I don't even have a girlfriend anymore now. I'm not over it and I'm not sure when I will be; there are ways in which I'm not over Renee, so maybe the answer is never. I don't seem to be able to hold the interest of a girl for the long term, so it may not matter again. If Jeremy and I never have another girlfriend, I'll be grateful we have each other; I don't feel like we need a third person to have a fulfilling relationship. But it's always been the way we've felt the most whole, so I guess I hope it could happen again someday, and maybe last that time. My self-esteem isn't awesome just now and I don't really have a lot of optimism. But either way, whether it happens or it doesn't, I don't want to have to edit it out anymore. Right now, I really just wish the most that I could talk about my breakup, maybe get support from some of the coworkers/ex-coworkers I tentatively consider friends, maybe not have to act cheerful because by now we've worked together for years and I might have felt comfortable enough to share with them that I'm experiencing a rough patch.

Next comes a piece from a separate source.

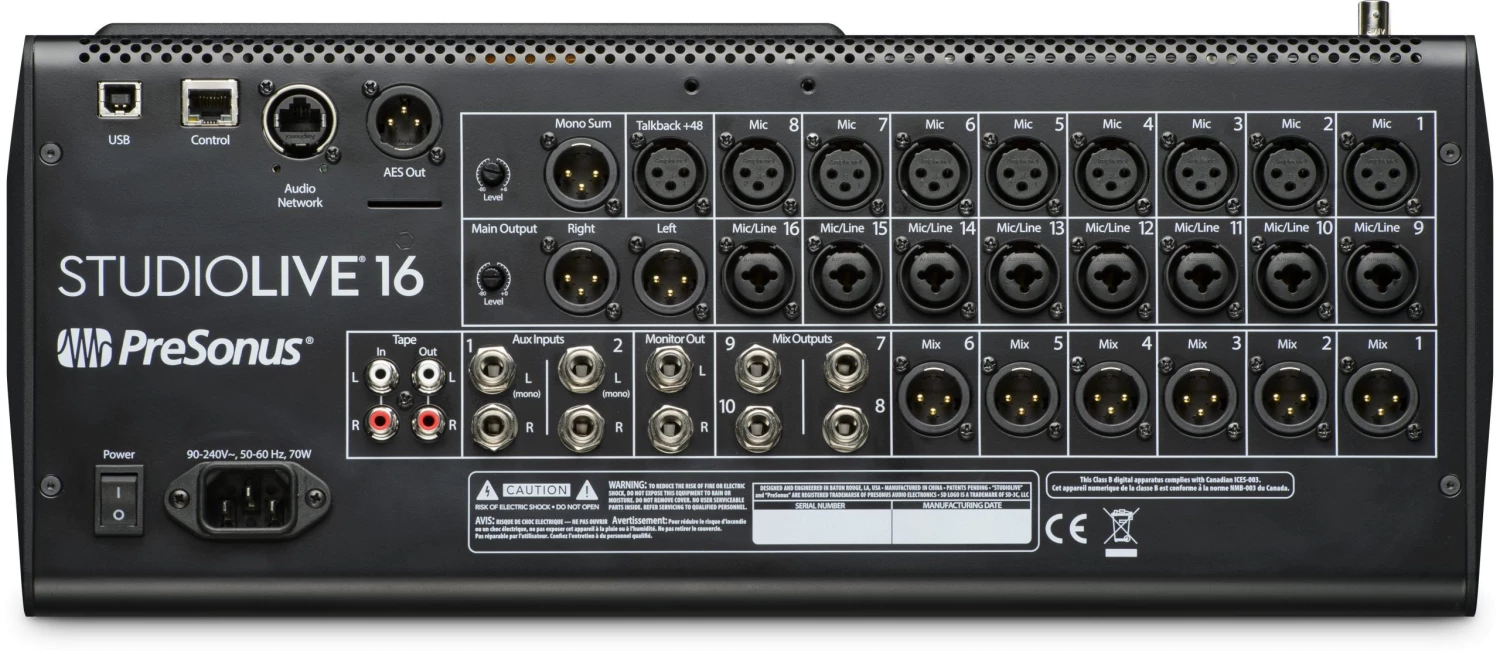 The 32-channel StudioLive® 16 is the most powerful and flexible digital mixer available for live sound and recording. PreSonus® gave the StudioLive 16 the works: 40 total inputs; extensive AVB networking; more recording tracks over USB than any other digital mixer; touch-sensitive motorized faders; and a host of State-space modeled Fat Channel plug-ins that let you expand your processing options. Packaged with a full suite of integrated software, including PreSonus’ Studio One® DAW and Capture™ live-recording software, the StudioLive 16 is a groundbreaking professional digital mixer and USB audio interface in a compact, scalable design.

That's what it would mean, to me personally, to be recognized as bi/poly. That's what it would mean, to me personally, to no longer "hide who I am." I don't define my entire self by my sexual orientation or relationship proclivities, and I sure as hell don't plan to be wearing T-shirts proclaiming either one to the world; I'm just tired of the continual, gentle, smothering pressure of flying in under the radar. I know it's not comparable to a lot of what other people face-transsexuals, POC, those who live in less tolerant places or with less understanding families, those who can't marry their partners as I married one of mine-but it wears on me a little. Maybe more than a little these days. I don't know.
Sometimes I feel like I don't know anything.
Still going to post an Entry of Positivity, I promise. This kind of snuck up on me.